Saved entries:
○ ○ ○
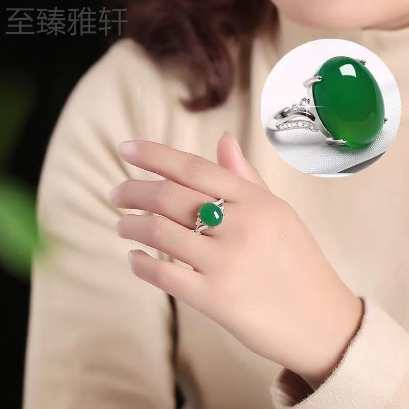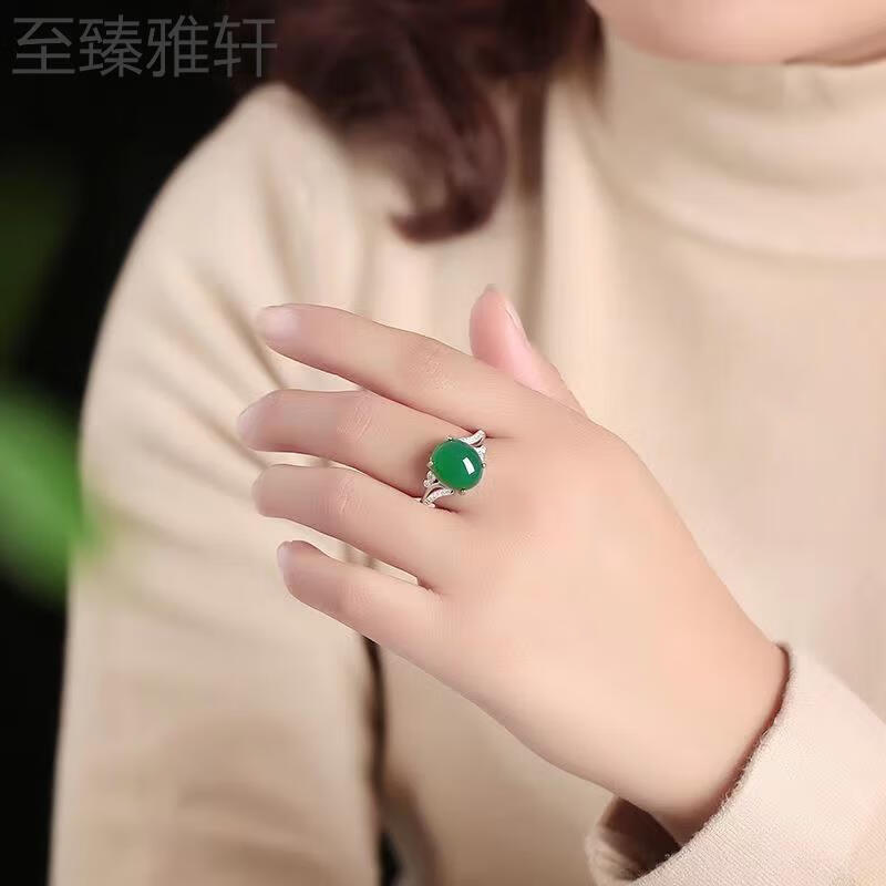 Mi Yan S999 Silver Ring Women's Chrysoprase Agate Fashionable Silver Open Ring as a Gift for Mom 999 Silver Jade Ring About 3 Grams
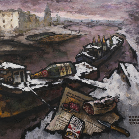 [Фрагменты] 1. Натюрморт с краской и Парижской водкой. 1997 // 2. Транспортировка шампанского по Сене. 2014
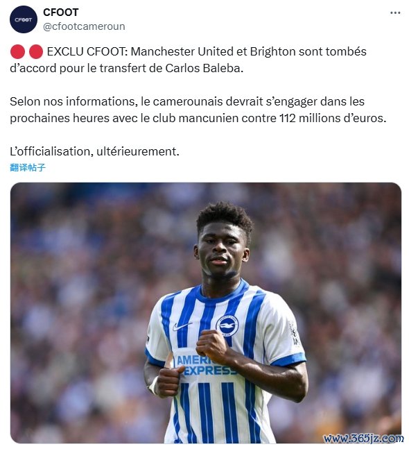 喀麦隆媒体CFOOT爆出独家猛料:曼彻斯特联和布莱顿就巴莱巴的转会达成一致。
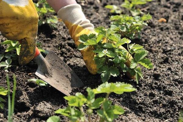 Видалити бур’яни та обрізати листя полуниці, залишивши лише серцевину.
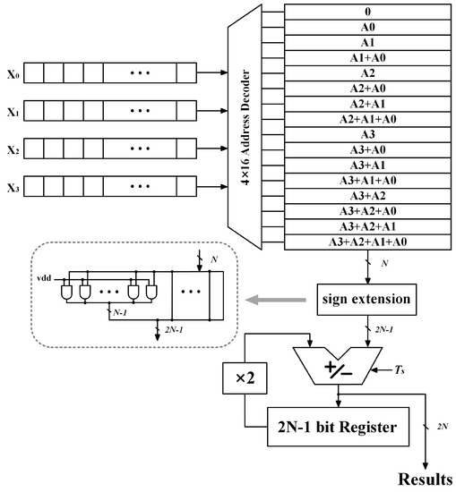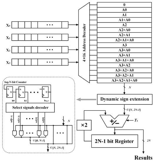 Figure 1 shows a detailed example of a DA computation. This structure consists of a look-up table with bits, each of the look-up table entries has corresponding registers storing input data, which are repackaged to form the memory address, most significant bit (MSB) first. The low right shows a sign extension block and -bit accumulator. The N-bit data fetched from the look-up table is scaled to -bit with -bit sign extension. The accumulation register adds two times of its previous value to the current look-up table contents every clock cycle. The signal is activated when the read-only memory (ROM) is addressed by the first bit of input data (sign). In this case, the adder subtracts the current ROM contents from the accumulator state. After N clock cycles, the -bit computation result is generated.
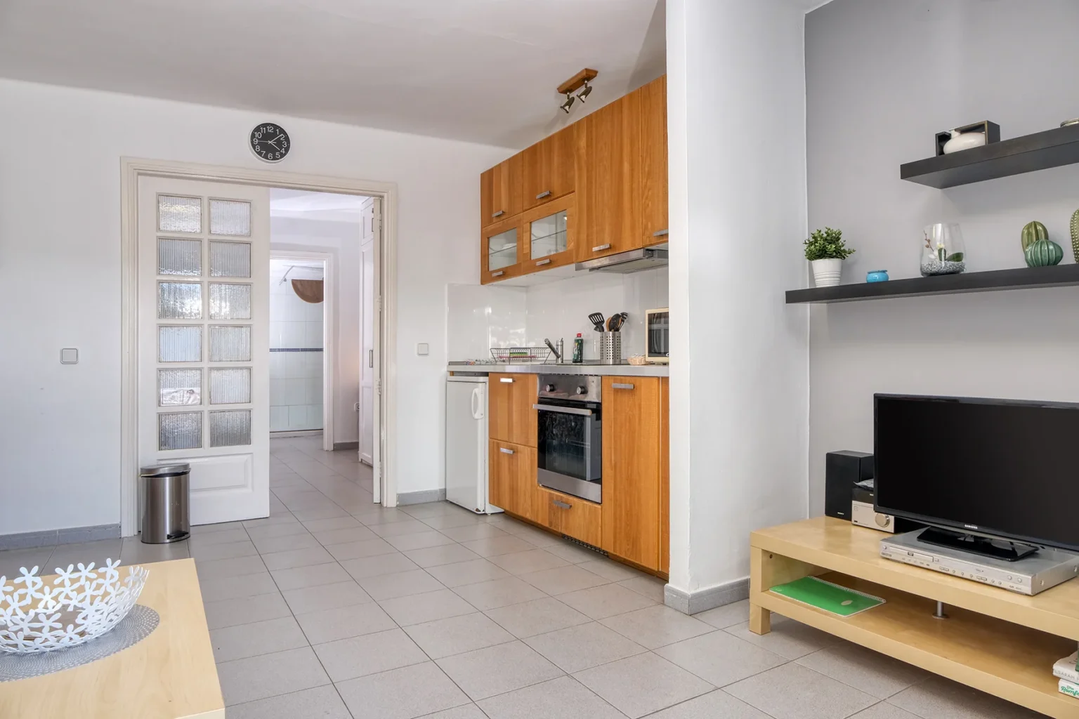 El apartamento cuenta con televisión de pantalla plana con canales internacionales en inglés (BBC/ITV), reproductor de DVD, radio y una buena conexión WiFi, garantizando una estancia cómoda y conectada.
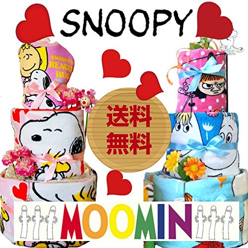【男の子用】スヌーピーのスタイとタオルの おむつケーキ オムツケーキ (パンパースS)
○ ○ ○
Description of the task: Your task is to retype the records above in full and exactly, omitting the pictures.

Written response:
 Mi Yan S999 Silver Ring Women's Chrysoprase Agate Fashionable Silver Open Ring as a Gift for Mom 999 Silver Jade Ring About 3 Grams
 [Фрагменты] 1. Натюрморт с краской и Парижской водкой. 1997 // 2. Транспортировка шампанского по Сене. 2014
 喀麦隆媒体CFOOT爆出独家猛料:曼彻斯特联和布莱顿就巴莱巴的转会达成一致。
 Видалити бур’яни та обрізати листя полуниці, залишивши лише серцевину.
 Figure 1 shows a detailed example of a DA computation. This structure consists of a look-up table with bits, each of the look-up table entries has corresponding registers storing input data, which are repackaged to form the memory address, most significant bit (MSB) first. The low right shows a sign extension block and -bit accumulator. The N-bit data fetched from the look-up table is scaled to -bit with -bit sign extension. The accumulation register adds two times of its previous value to the current look-up table contents every clock cycle. The signal is activated when the read-only memory (ROM) is addressed by the first bit of input data (sign). In this case, the adder subtracts the current ROM contents from the accumulator state. After N clock cycles, the -bit computation result is generated.
 El apartamento cuenta con televisión de pantalla plana con canales internacionales en inglés (BBC/ITV), reproductor de DVD, radio y una buena conexión WiFi, garantizando una estancia cómoda y conectada.
【男の子用】スヌーピーのスタイとタオルの おむつケーキ オムツケーキ (パンパースS)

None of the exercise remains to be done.